Convergence Analysis of Decentralized Hessian-/Jacobian-Free Algorithm for Nonconvex Stochastic Bilevel Optimization
Abstract
Decentralized stochastic bi-level optimization has been actively studied in recent years. However, existing studies assume that the lower-level loss function is strongly convex, which limits their applicability to many machine learning models. To address this limitation, in this paper, we propose a novel decentralized stochastic first-order optimization algorithm, which does not require second-order Hessian or Jacobian matrices, for the setting where the lower-level loss function is nonconvex but satisfies the Polyak–Łojasiewicz (PL) condition. Additionally, unlike existing single-agent methods that introduce a regularization term to the lower-level loss function to artificially enforce strong convexity, our algorithm does not require such modification. Moreover, our algorithm employs a constant single-timescale learning rate for updating variables, which is different from the time-dependent and two-timescale learning rate schedules used in prior work.
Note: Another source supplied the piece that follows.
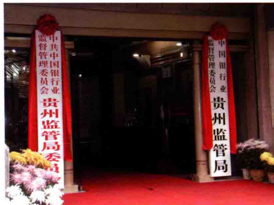
2003年10月16日，贵州银监局正式挂牌成立

To establish the convergence rate, we develop a new convergence analysis framework for the pure PL condition, rather than relying on the artificial strong convexity introduced through regularization in existing single-agent methods. To the best of our knowledge, this is the first algorithm for nonconvex decentralized bi-level optimization that offers theoretical convergence guarantees under mild conditions. Finally, our extensive experimental results on hyperparameter optimization and model pruning applications validate the efficacy of the proposed algorithm.